● **What the exercise asks**: The answer must be an exact copy of every entry, with no pictures in it.

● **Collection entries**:
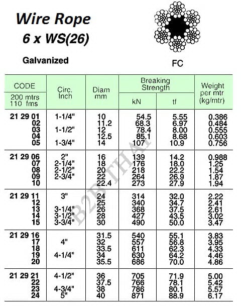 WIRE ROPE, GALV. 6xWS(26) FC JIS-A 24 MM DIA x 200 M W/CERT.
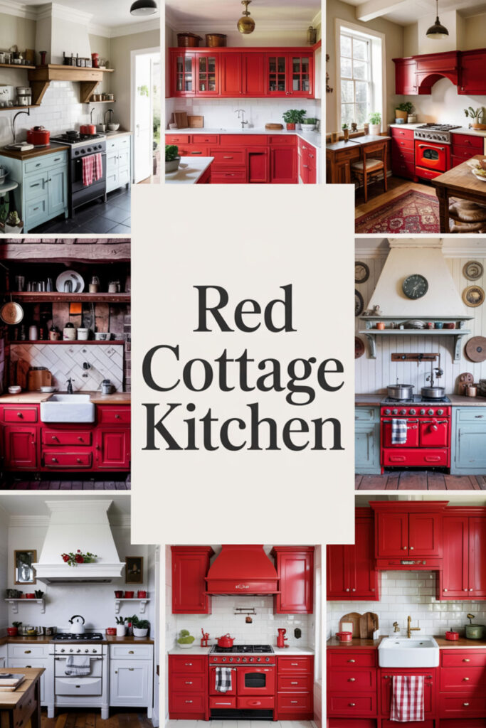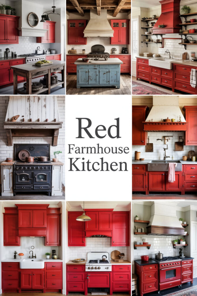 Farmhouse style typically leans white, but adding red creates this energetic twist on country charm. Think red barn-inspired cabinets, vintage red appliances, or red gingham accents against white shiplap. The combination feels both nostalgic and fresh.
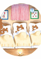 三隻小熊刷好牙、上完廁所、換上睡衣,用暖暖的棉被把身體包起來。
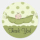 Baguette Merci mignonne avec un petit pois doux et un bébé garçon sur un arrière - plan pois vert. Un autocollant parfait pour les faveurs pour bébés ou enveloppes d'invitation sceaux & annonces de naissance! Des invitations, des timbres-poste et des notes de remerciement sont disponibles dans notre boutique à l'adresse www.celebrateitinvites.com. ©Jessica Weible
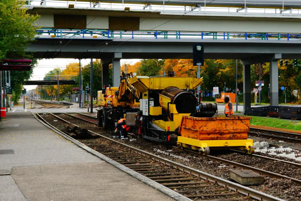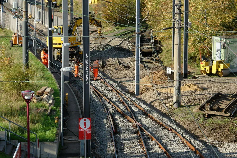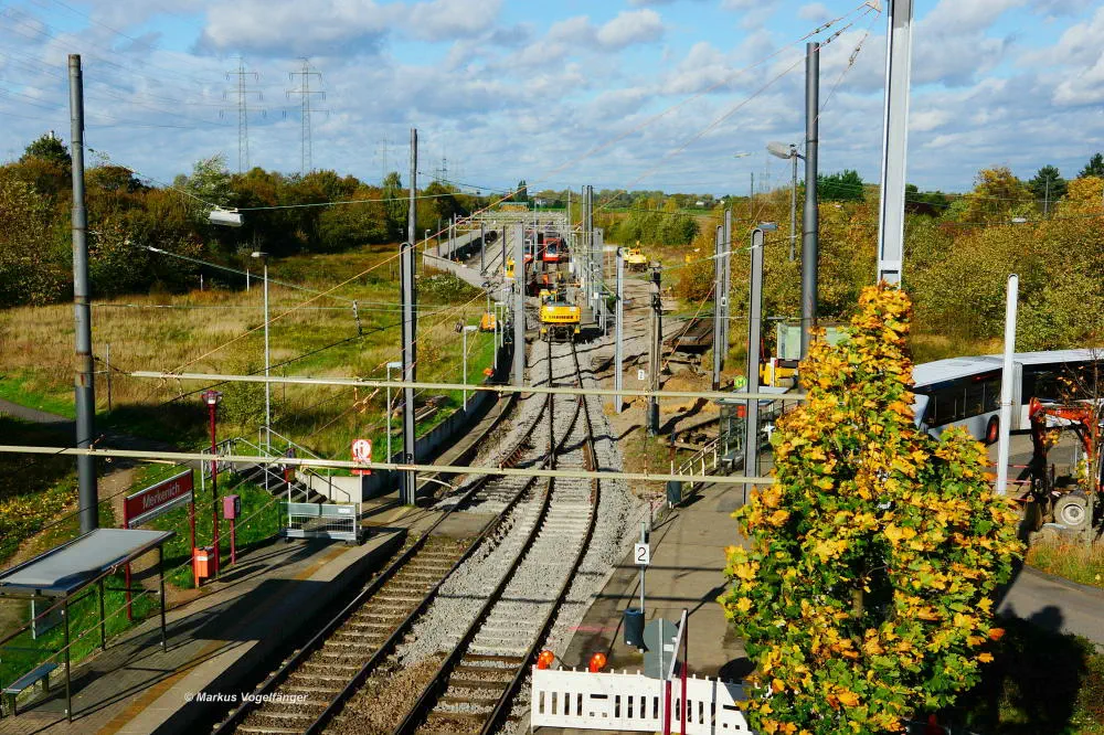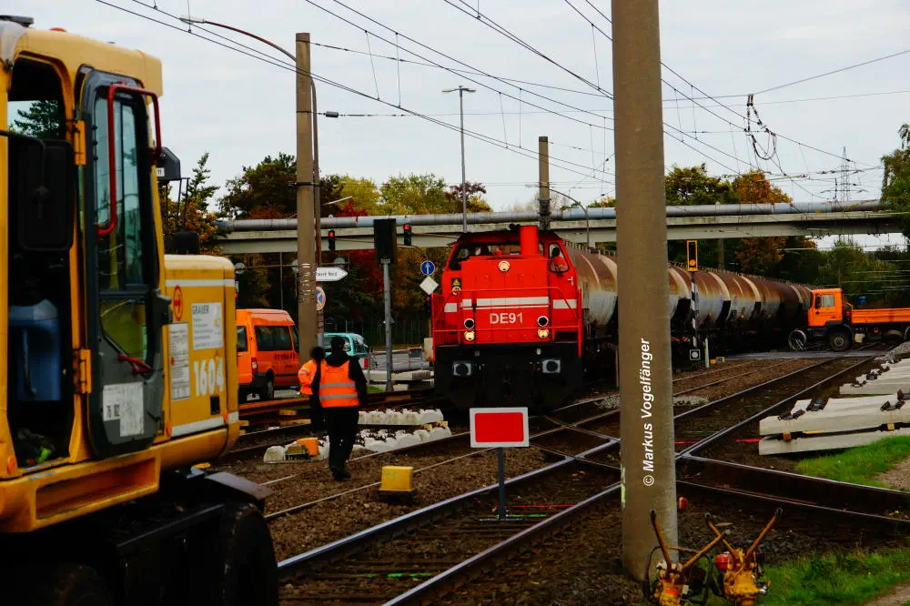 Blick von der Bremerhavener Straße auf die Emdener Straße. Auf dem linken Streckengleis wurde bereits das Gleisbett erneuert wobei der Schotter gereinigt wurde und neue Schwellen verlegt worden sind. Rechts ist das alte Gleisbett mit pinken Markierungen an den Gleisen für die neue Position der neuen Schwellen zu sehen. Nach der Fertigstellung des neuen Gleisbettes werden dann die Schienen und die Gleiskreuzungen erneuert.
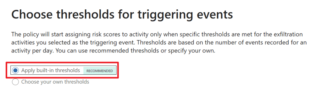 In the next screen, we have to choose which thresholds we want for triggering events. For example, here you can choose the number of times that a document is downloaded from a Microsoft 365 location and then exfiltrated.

● **Written response**:
 WIRE ROPE, GALV. 6xWS(26) FC JIS-A 24 MM DIA x 200 M W/CERT.
 Farmhouse style typically leans white, but adding red creates this energetic twist on country charm. Think red barn-inspired cabinets, vintage red appliances, or red gingham accents against white shiplap. The combination feels both nostalgic and fresh.
 三隻小熊刷好牙、上完廁所、換上睡衣,用暖暖的棉被把身體包起來。
 Baguette Merci mignonne avec un petit pois doux et un bébé garçon sur un arrière - plan pois vert. Un autocollant parfait pour les faveurs pour bébés ou enveloppes d'invitation sceaux & annonces de naissance! Des invitations, des timbres-poste et des notes de remerciement sont disponibles dans notre boutique à l'adresse www.celebrateitinvites.com. ©Jessica Weible
 Blick von der Bremerhavener Straße auf die Emdener Straße. Auf dem linken Streckengleis wurde bereits das Gleisbett erneuert wobei der Schotter gereinigt wurde und neue Schwellen verlegt worden sind. Rechts ist das alte Gleisbett mit pinken Markierungen an den Gleisen für die neue Position der neuen Schwellen zu sehen. Nach der Fertigstellung des neuen Gleisbettes werden dann die Schienen und die Gleiskreuzungen erneuert.
 In the next screen, we have to choose which thresholds we want for triggering events. For example, here you can choose the number of times that a document is downloaded from a Microsoft 365 location and then exfiltrated.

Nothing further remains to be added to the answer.